> **PROVIDED MATERIAL**

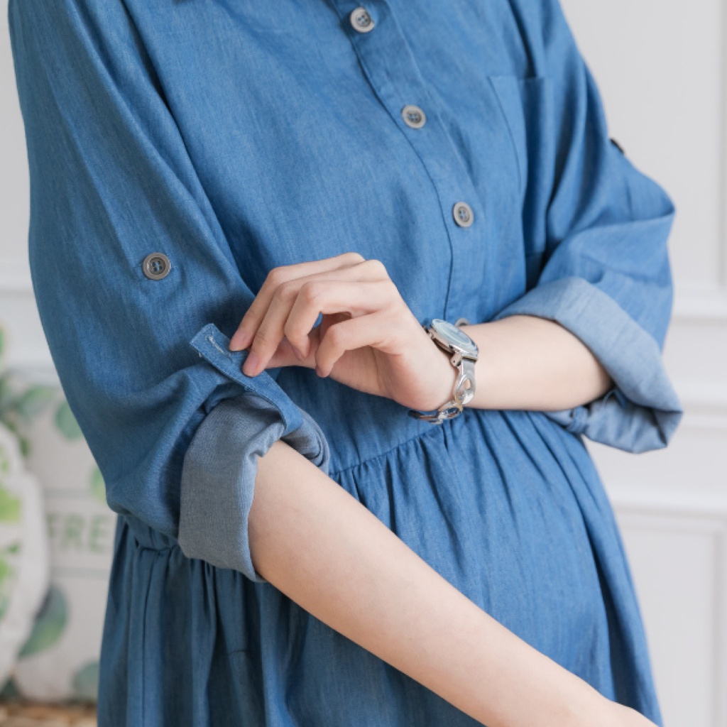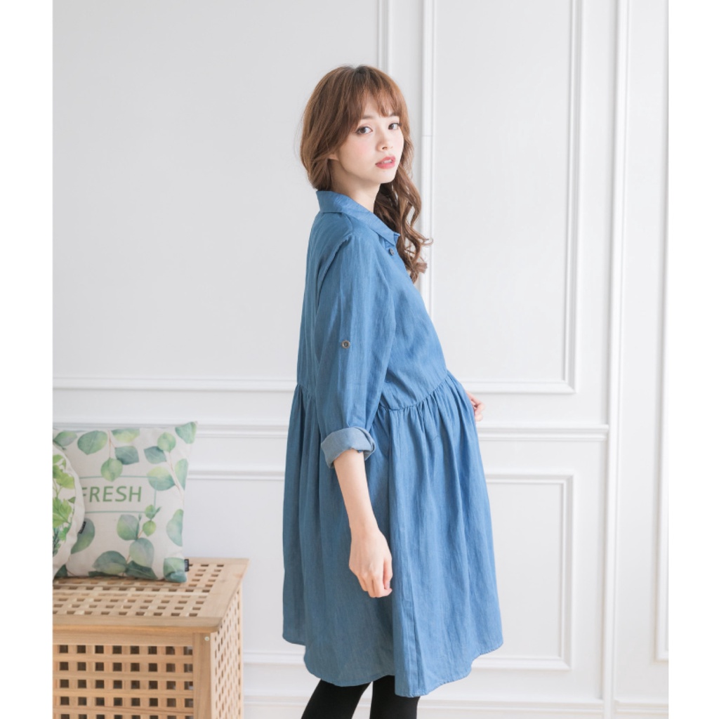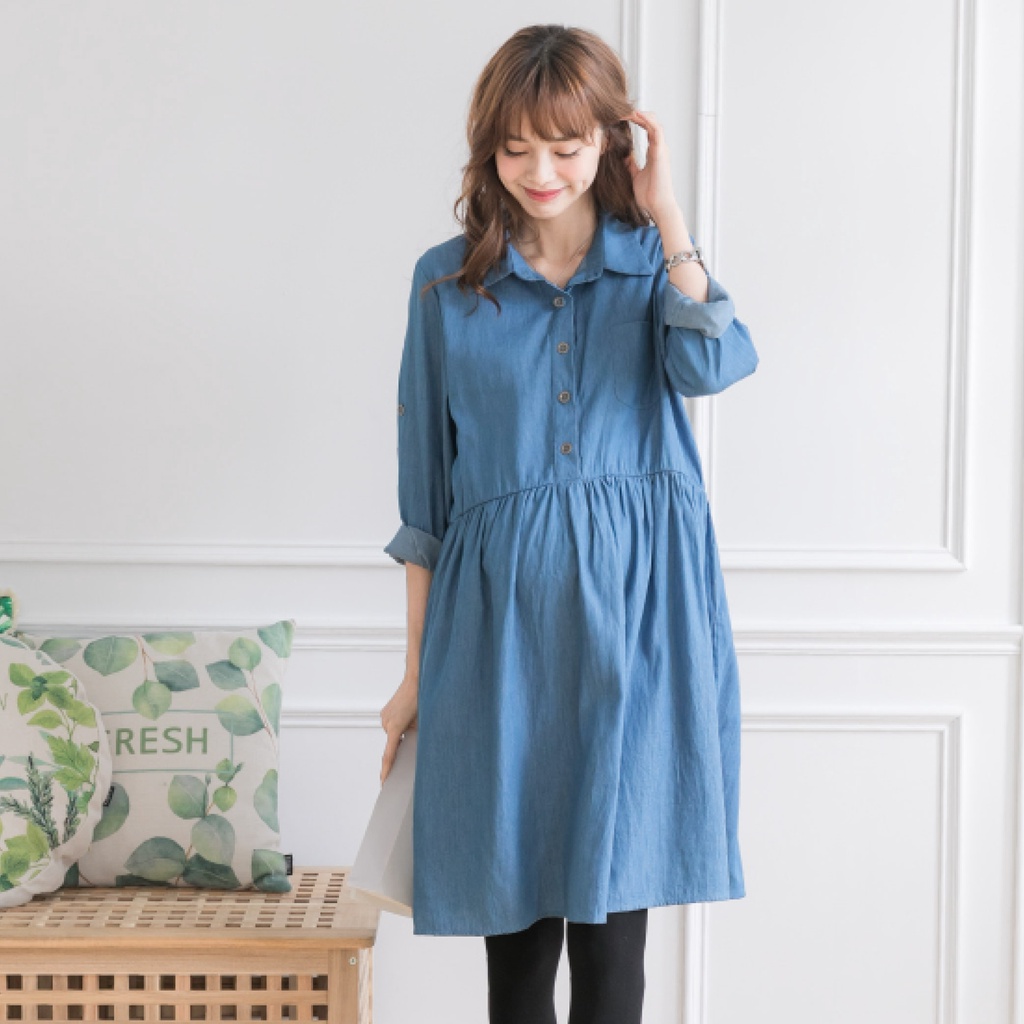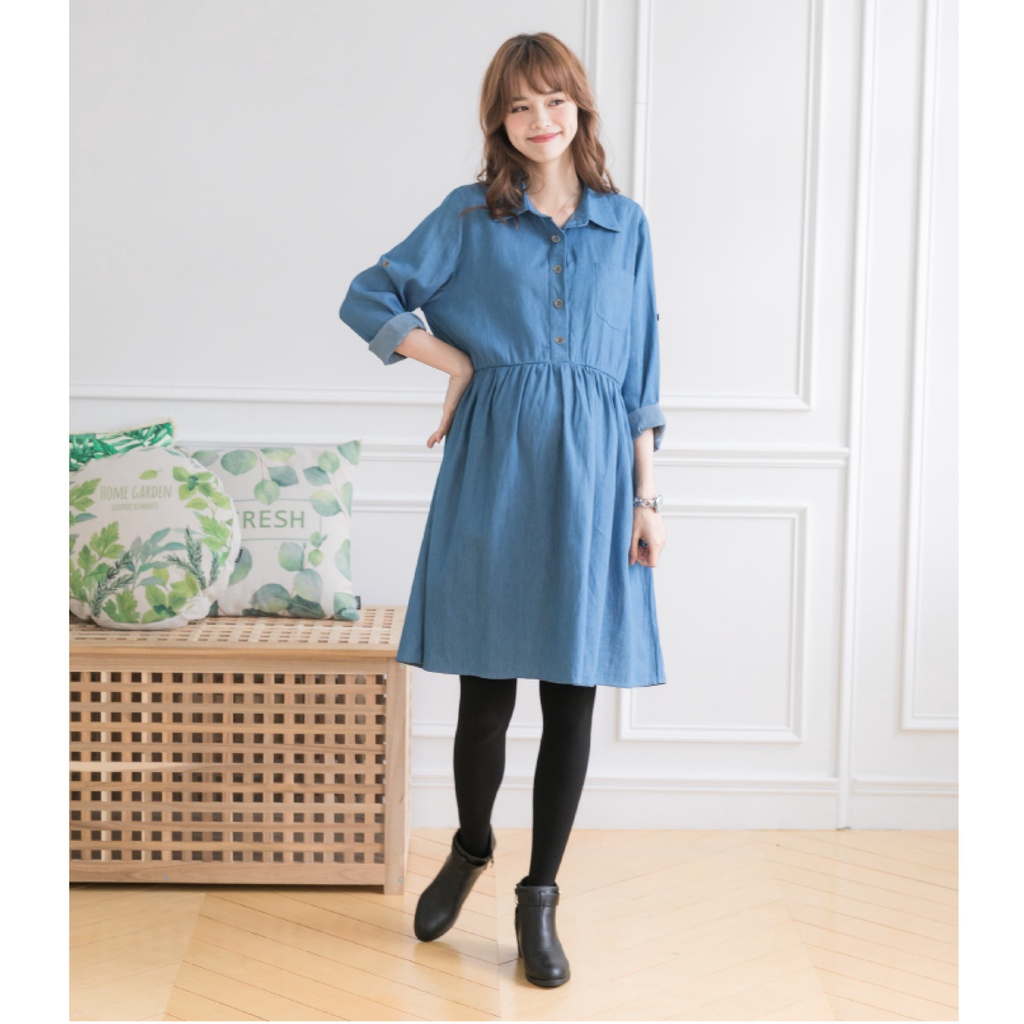 Mamamia孕婦裝 立領長袖牛仔哺乳洋裝 正韓製 哺乳衣 孕婦裝 寬鬆孕婦裝 孕婦上衣 短袖 哺乳 [A1307]
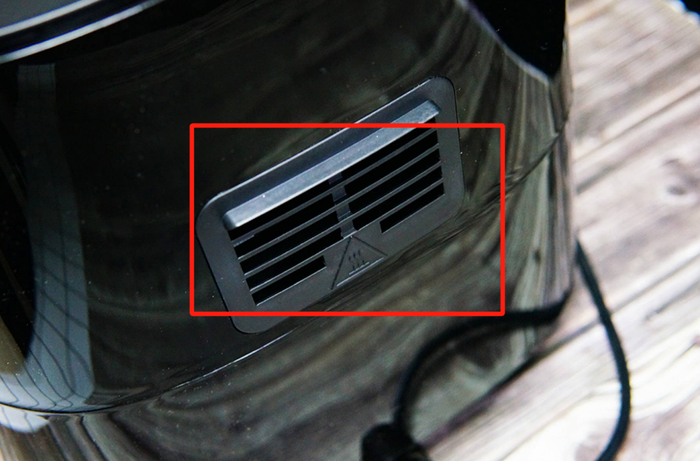 使用空气炸锅时,应将其放置平稳,不能遮挡顶部进风口和背面出风口。
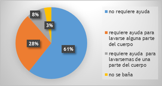 Los datos obtenidos indican que el 61 % de los adultos mayores encuestados no requiere ayuda para bañarse, lo que evidencia un nivel significativo de independencia funcional (figura 6). Sin embargo, un 28 % necesita ayuda para lavar alguna parte del cuerpo debido a limitaciones físicas relacionadas con la edad. Por otro lado, un 8 % depende de asistencia para lavar más de una parte del cuerpo, y un 3 % de los participantes no se baña de forma regular debido a su alto nivel de dependencia y la falta de apoyo.
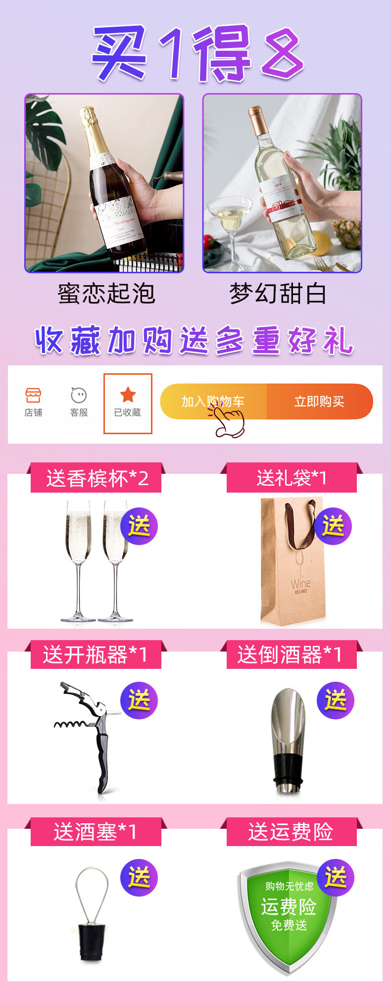 | Цвет: | Купить один, получи один бесплатный+шампанский+винная посуда, Итальянская оригинальная бутылка персиковая пена+сладкий белый+отверстие для бутылки |

> **EXERCISE DESCRIPTION**
From the top of the listing above, repeat each line exactly until you reach the line containing "Los datos obtenidos", and repeat that one too. Leave the pictures out.

> **RESPONSE AREA**
 Mamamia孕婦裝 立領長袖牛仔哺乳洋裝 正韓製 哺乳衣 孕婦裝 寬鬆孕婦裝 孕婦上衣 短袖 哺乳 [A1307]
 使用空气炸锅时,应将其放置平稳,不能遮挡顶部进风口和背面出风口。
 Los datos obtenidos indican que el 61 % de los adultos mayores encuestados no requiere ayuda para bañarse, lo que evidencia un nivel significativo de independencia funcional (figura 6). Sin embargo, un 28 % necesita ayuda para lavar alguna parte del cuerpo debido a limitaciones físicas relacionadas con la edad. Por otro lado, un 8 % depende de asistencia para lavar más de una parte del cuerpo, y un 3 % de los participantes no se baña de forma regular debido a su alto nivel de dependencia y la falta de apoyo.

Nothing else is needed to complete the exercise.